# Data shown

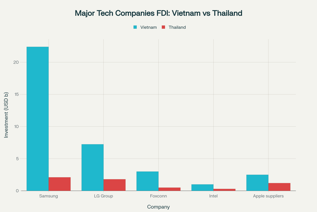 Foreign direct investment became the catalyst for Vietnam's economic miracle. Total FDI volume from major technology companies in Vietnam significantly exceeds similar investments in Thailand. Samsung invested 22.4 billion dollars in Vietnam versus 2.1 billion in Thailand, LG Group - 7.24 billion versus 1.8 billion respectively.
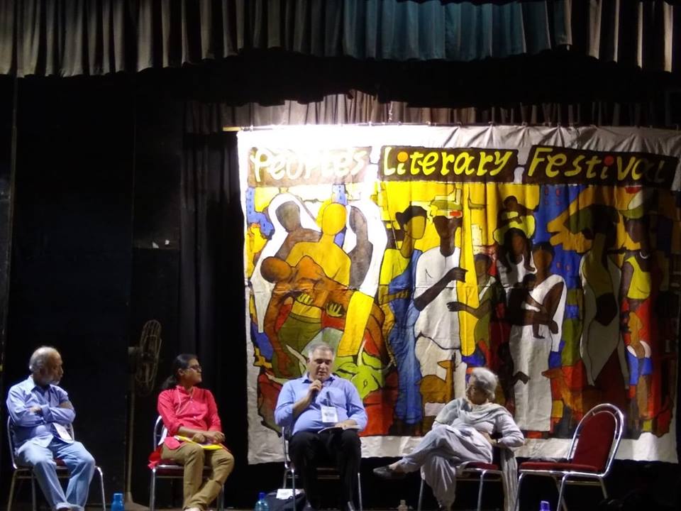 P Varalakshmi in red at the People’s Literary Festival, Kolkata (15-16 February, 2019). To her right, human rights activist Nilanjan Dutta, moderator. To her left, with the mike, Dr. Shah Alam Khan, author of The Man with the White Beard . To his left, historian Professor Uma Chakravarty. The panel was titled: “Bol Ke Lab Azad Hai Tere: Literature Against Fascism and Imperialism”. Photo courtesy Bastar Solidarity Network – Kolkata Chapter.
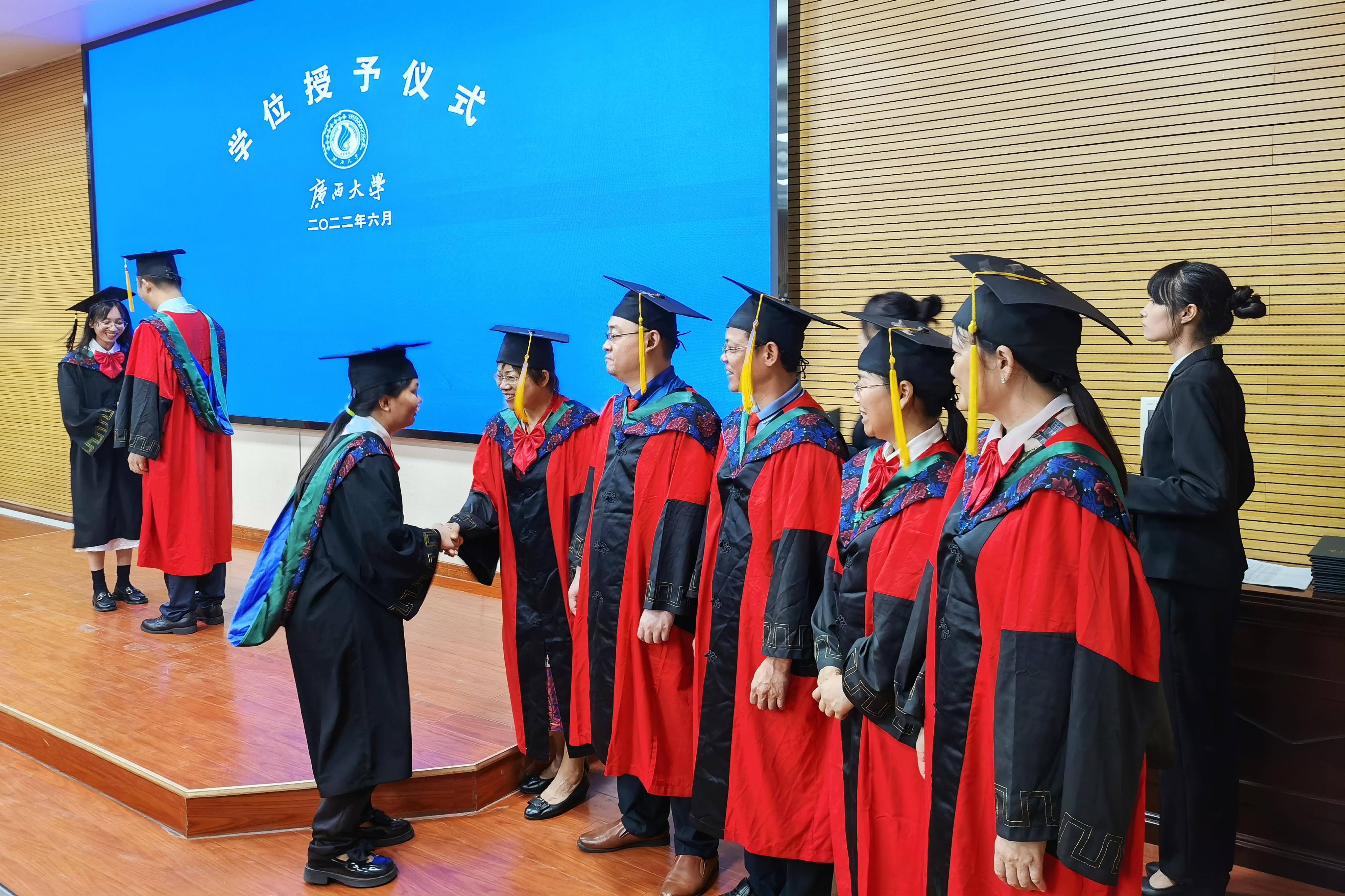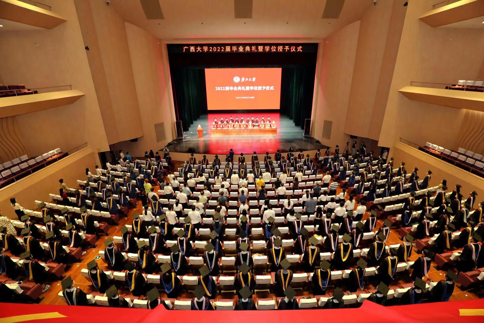 “复兴中华,发达广西”“努力,努力,大家一齐努力”,毕业典礼暨学位授予仪式在奏唱校歌声中落下帷幕。
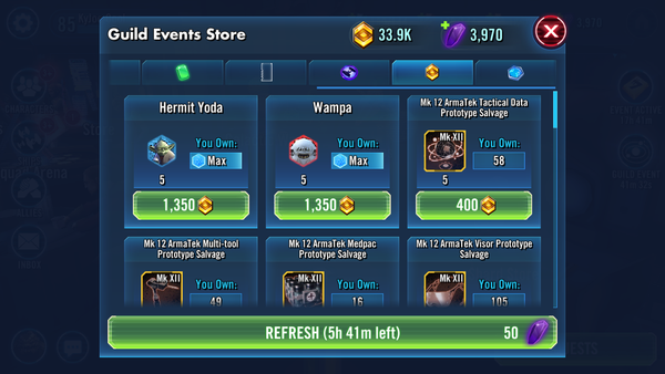 I broke down and threw a zeta on Hermit already, but I'm holding out to do that on Wampa until I get him to 7 stars because I'm currently gearing Chewbacca and JTR.
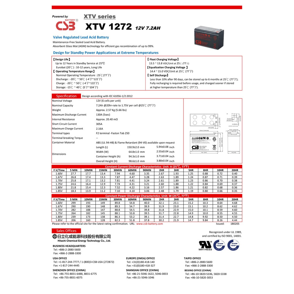 1.ขนาด กว้าง 6.48, ยาว 15., สูง 9.86(ซม) 2.แบตเตอรี่ รุ่น XTV1272 ( 12V,(6 cells per unit) ระบบสำรองไฟฟ้า เป็นแบต VRLA ("การใช้งานสแตนด์บาย" - พลังงานสำรอง: ส่วนใหญ่ใช้สำหรับไฟฉุกเฉินหรือUPSและอื่นๆ เพื่อหลีกเลี่ยงความเสียหายในอนาคตที่อาจเกิดจากไฟดับทันที) แบตแห้ง 3.ควรเก็บแบตไว้ในอุณภูมิ 25 จะยิ่งทำให้แบตมีอายุการใช้งานที่ยาวนานมากยิ่งขึ้น 4.รับประกันแบต 1ปี (กรณีที่แบตเสียเองที่ไม่ได้เกิดจากการทำเสียเองของตัวลูกค้า) 5.อายุการใช้งานสูงถึง 10-12 ปี หากท่านต้องการอัพเกรดให้ UPS ของท่านจ่ายไฟได้นานขึ้น Battery Shop ขอแนะนำ CSB XTV1272 ( 12V,(6 cells per unit) คุณภาพดี
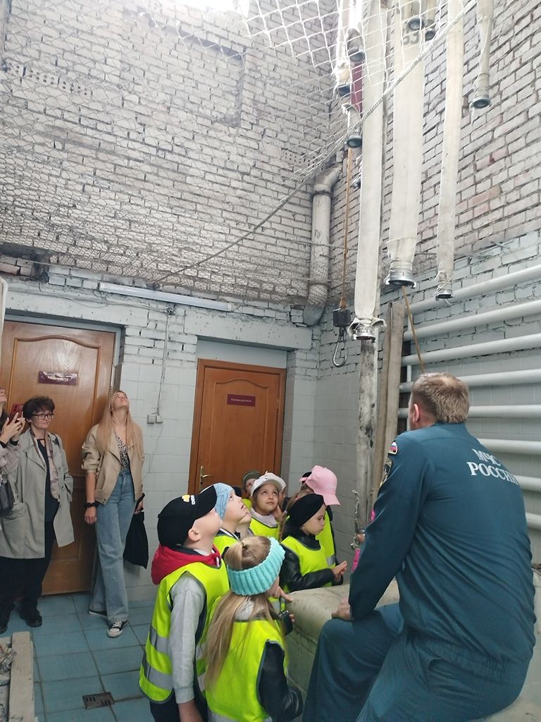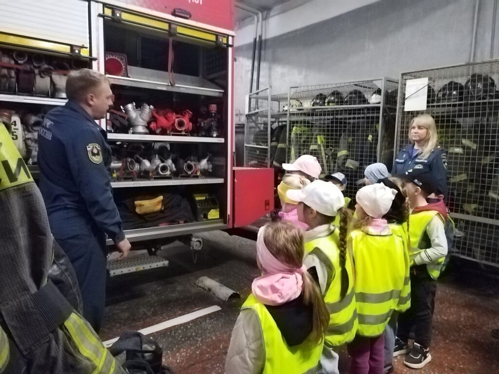 Сотрудники пожарной части рассказали ребятам о работе пожарных, о том, что и как расположено в боевой пожарной машине. Дали ребятам возможность все посмотреть и руками потрогать. Можно было посидеть в пожарной машине, но с соблюдением техники безопасности. Все-таки экскурсия экскурсией, но соблюдать все правила необходимо всегда. В том числе и по пожарной безопасности. Об этом уже напомнили мы.
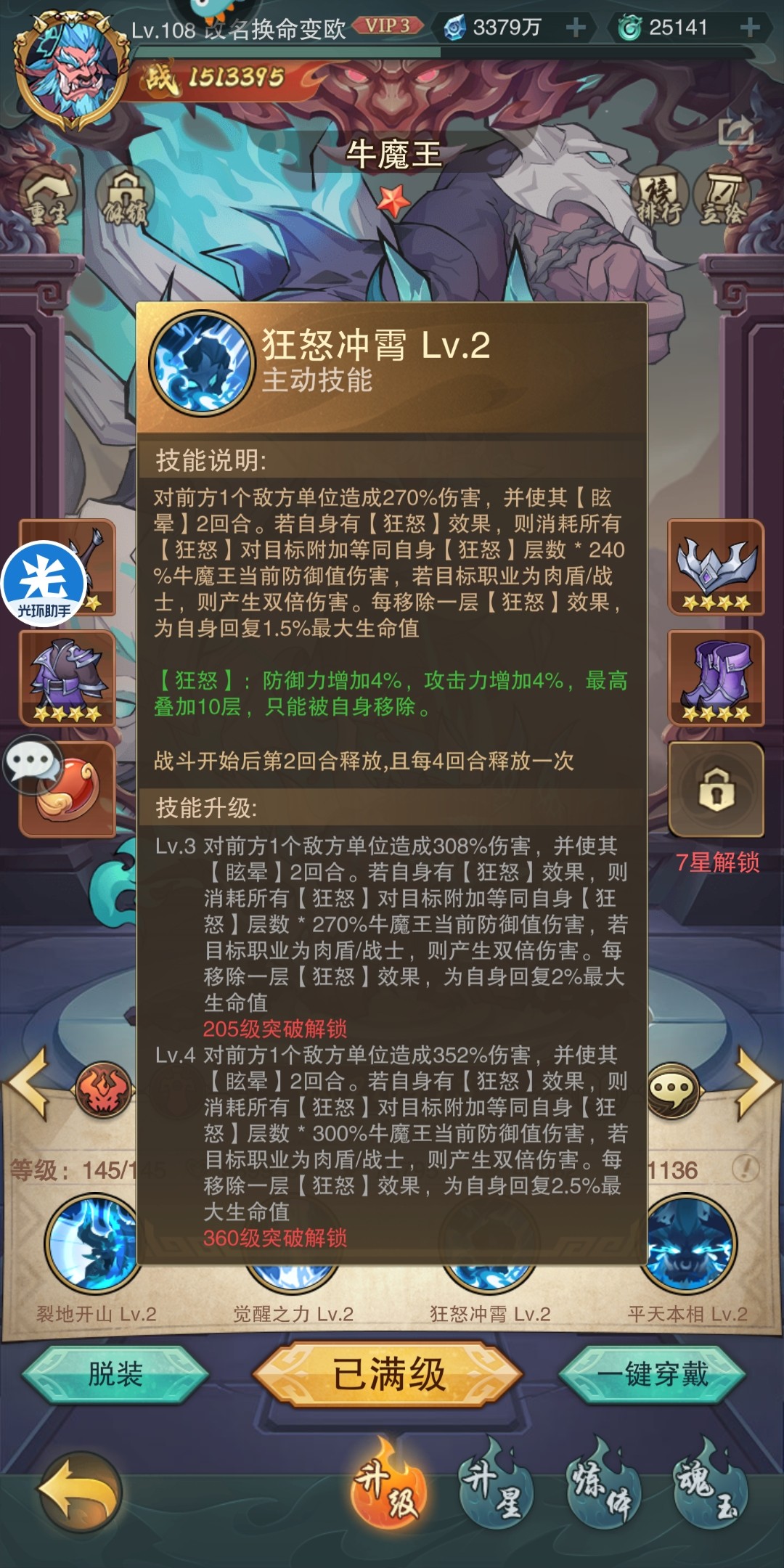牛魔的混伤机制是自身攻击力%+自身防御%+被动层数的三重混合伤害,所以这就使牛魔的伤害非常高,如果打坦克或者战士伤害还会翻倍,就拿145级的牛魔来说,7w攻击+4w防御+五层被动不暴击都可以一刀砍135w伤害,是不是很不可思议?没错的这就是混伤的威力
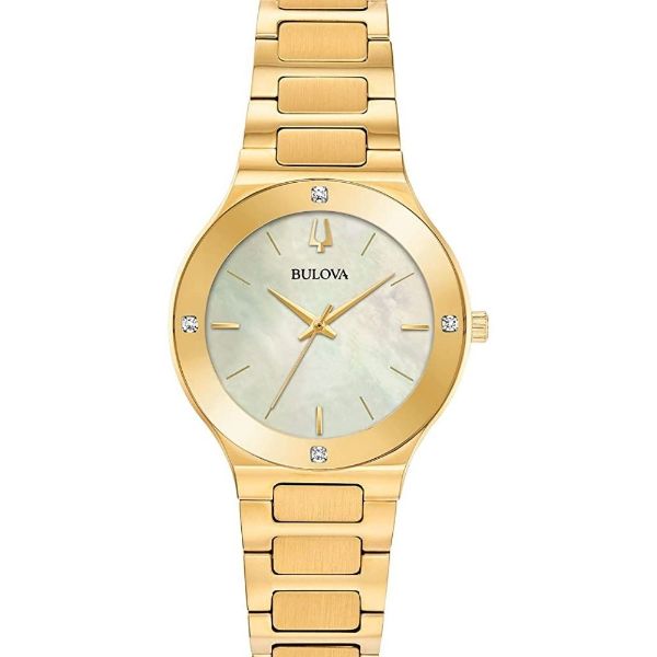 Este elegante y elegante reloj para mujer de la colección Bulova’s Millennia es un impresionante diseño de moda.
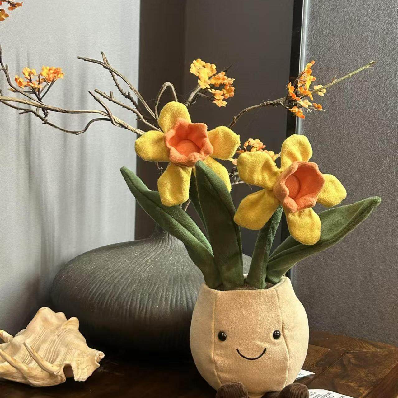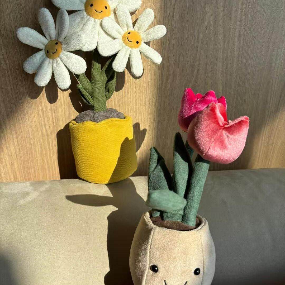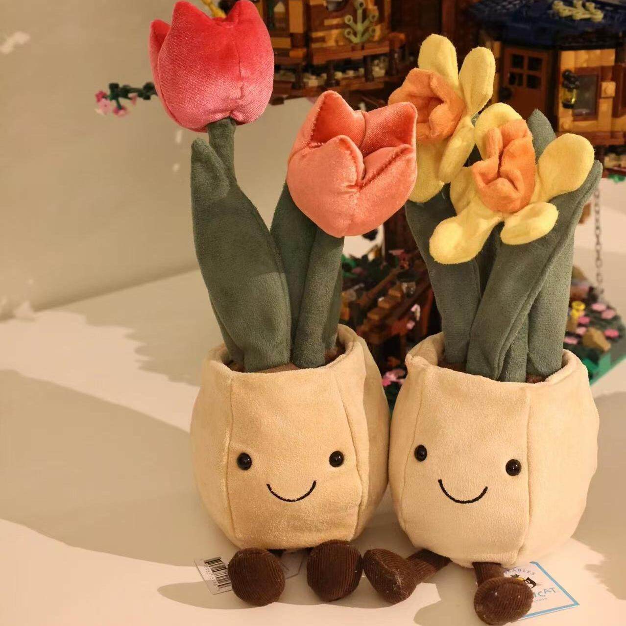 英国jellycat趣味盆栽水仙花雏菊太阳花郁金香毛绒玩偶盆景摆件
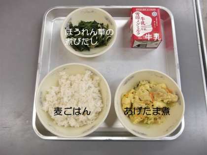 今日の献立は,『麦ごはん』『あげたま煮』『ほうれん草の煮びたし』『牛乳』です。
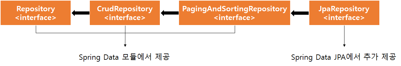 Respoitory의 상속 구조이다. Repository에는 거의 기능이 없으며 CRUD 기능은 CrudRepository에서 제공하며 페이징 처리가 필요한 경우 PagingAndSortingRepository를 사용한다. 마지막으로 Spring Data JPA에서 제공한 기능을 사용하려면 JpaRepository를 사용하면 된다.
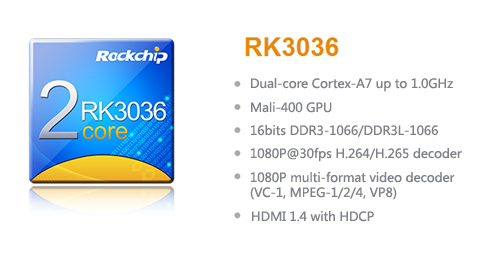 Rockchip RK3036芯片采用雙核Cortex-A7架構,主頻最高可達1.0GHz;支持1080P H.265/H.264/VC-1/MPEG/VP8Video Decoder;兼容多種協(xié)議的流媒體格式;支持多種投屏互動協(xié)議,如DLNA、Miracast、WiDi等互聯(lián)互通協(xié)議;
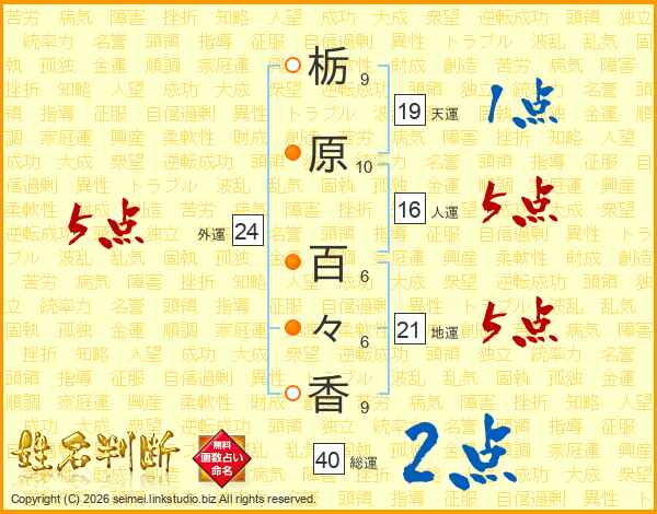 栃原百々香さんの総運は40画の2点!
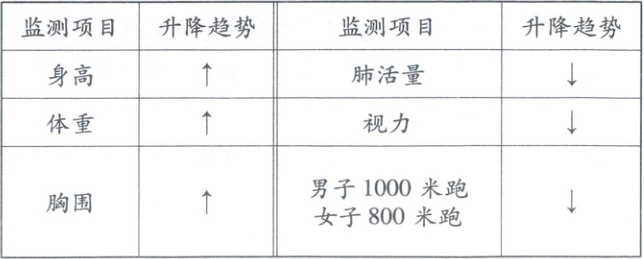 该市小学生身高、体重、胸围等身体形态指标上升,肺活量、视力、耐力跑等体能与健康指标下降。
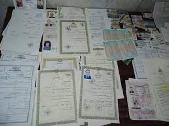 عقب تقنين الإجراءات تم ضبطه بمقر الكيان المشار إليه وبحوزته مجموعة من الشهادات الدراسية خالية البيانات منسوب صدورها للكيان مطبوعات دعائية خاصة بالكيان.
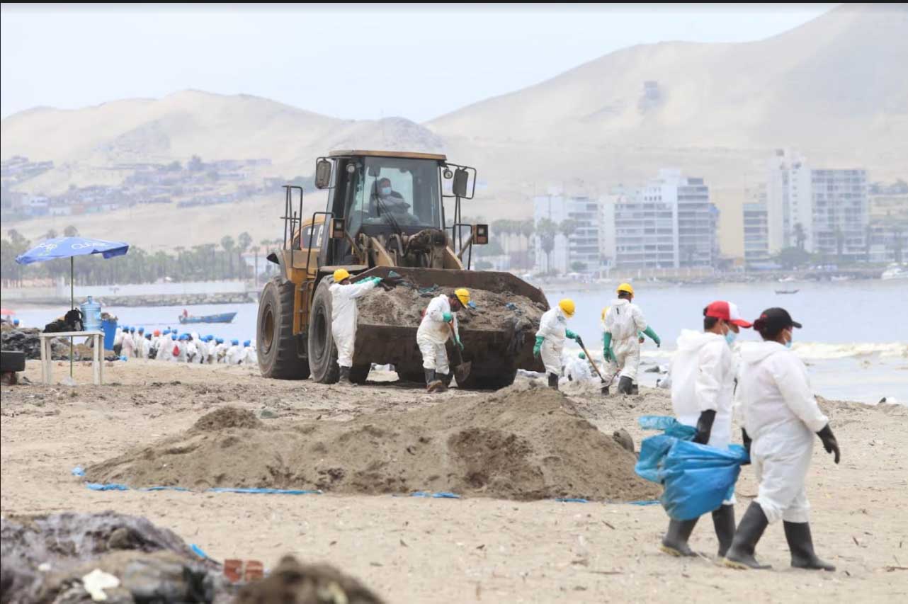 En el día de hoy las labores de limpieza en tierra y en el mar avanzan favorablemente, con más de 1.800 efectivos desplegados. El aprovisionamiento de material adicional de protección y absorción y dispersante sigue su curso y los efectivos desplegados están apoyados por 58 unidades de maquinaria pesada, 55 embarcaciones, 5 skimmers (equipos de limpieza marina), 7 tanques flotantes y 2.800 metros de barrera de contención instalada entre Cavero y Faro Chancay. Hasta la fecha, la empresa ha logrado mover   más de 6,000m3 de tierra entre la que está en Refinería La Pampilla y acopiada, lo cual representa 1,200 contenedores.
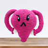 This is an intermediate or advanced beginner pattern. The uterus pictured in the pattern is a pillow that uses plush/bulky yarn, but the uterus could be made using any yarn of your choice and the appropriate corresponding hook. If bulky yarn is used, the body of the uterus is approximately 15” tall and 15” across, with the fallopian tubes adding several more inches on each side.
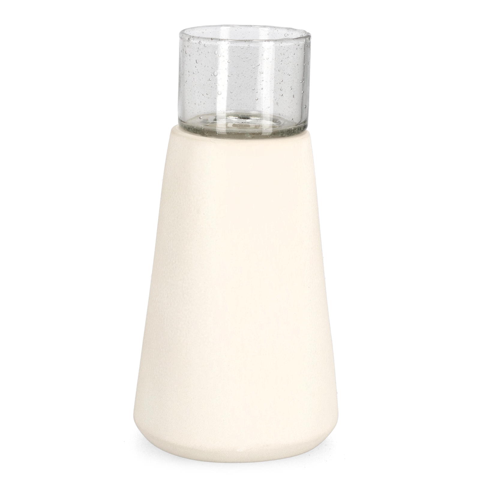 Porta candela mardan vt bianco h 20cm fatto con prodotto in terracotta e vetro. prodotto realizzato a mano con eventuali variazioni di colore
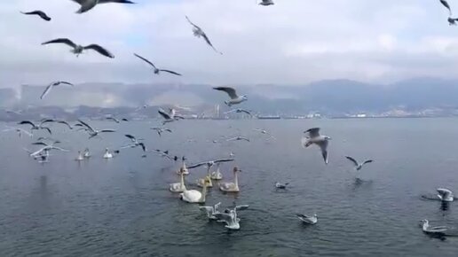 🦢Белые лебеди, чайки на Чёрном море в Новороссийске.

# What you have to do
Every line from the first line of the entries above through the line with "今日の献立は,『麦ごはん』『あげたま煮』『ほうれん草の煮びたし』『牛乳』です。" must be repeated exactly, and pictures must not be.

# Exercise solution
 Foreign direct investment became the catalyst for Vietnam's economic miracle. Total FDI volume from major technology companies in Vietnam significantly exceeds similar investments in Thailand. Samsung invested 22.4 billion dollars in Vietnam versus 2.1 billion in Thailand, LG Group - 7.24 billion versus 1.8 billion respectively.
 P Varalakshmi in red at the People’s Literary Festival, Kolkata (15-16 February, 2019). To her right, human rights activist Nilanjan Dutta, moderator. To her left, with the mike, Dr. Shah Alam Khan, author of The Man with the White Beard . To his left, historian Professor Uma Chakravarty. The panel was titled: “Bol Ke Lab Azad Hai Tere: Literature Against Fascism and Imperialism”. Photo courtesy Bastar Solidarity Network – Kolkata Chapter.
 “复兴中华,发达广西”“努力,努力,大家一齐努力”,毕业典礼暨学位授予仪式在奏唱校歌声中落下帷幕。
 I broke down and threw a zeta on Hermit already, but I'm holding out to do that on Wampa until I get him to 7 stars because I'm currently gearing Chewbacca and JTR.
 1.ขนาด กว้าง 6.48, ยาว 15., สูง 9.86(ซม) 2.แบตเตอรี่ รุ่น XTV1272 ( 12V,(6 cells per unit) ระบบสำรองไฟฟ้า เป็นแบต VRLA ("การใช้งานสแตนด์บาย" - พลังงานสำรอง: ส่วนใหญ่ใช้สำหรับไฟฉุกเฉินหรือUPSและอื่นๆ เพื่อหลีกเลี่ยงความเสียหายในอนาคตที่อาจเกิดจากไฟดับทันที) แบตแห้ง 3.ควรเก็บแบตไว้ในอุณภูมิ 25 จะยิ่งทำให้แบตมีอายุการใช้งานที่ยาวนานมากยิ่งขึ้น 4.รับประกันแบต 1ปี (กรณีที่แบตเสียเองที่ไม่ได้เกิดจากการทำเสียเองของตัวลูกค้า) 5.อายุการใช้งานสูงถึง 10-12 ปี หากท่านต้องการอัพเกรดให้ UPS ของท่านจ่ายไฟได้นานขึ้น Battery Shop ขอแนะนำ CSB XTV1272 ( 12V,(6 cells per unit) คุณภาพดี
 Сотрудники пожарной части рассказали ребятам о работе пожарных, о том, что и как расположено в боевой пожарной машине. Дали ребятам возможность все посмотреть и руками потрогать. Можно было посидеть в пожарной машине, но с соблюдением техники безопасности. Все-таки экскурсия экскурсией, но соблюдать все правила необходимо всегда. В том числе и по пожарной безопасности. Об этом уже напомнили мы.
牛魔的混伤机制是自身攻击力%+自身防御%+被动层数的三重混合伤害,所以这就使牛魔的伤害非常高,如果打坦克或者战士伤害还会翻倍,就拿145级的牛魔来说,7w攻击+4w防御+五层被动不暴击都可以一刀砍135w伤害,是不是很不可思议?没错的这就是混伤的威力
 Este elegante y elegante reloj para mujer de la colección Bulova’s Millennia es un impresionante diseño de moda.
 英国jellycat趣味盆栽水仙花雏菊太阳花郁金香毛绒玩偶盆景摆件
 今日の献立は,『麦ごはん』『あげたま煮』『ほうれん草の煮びたし』『牛乳』です。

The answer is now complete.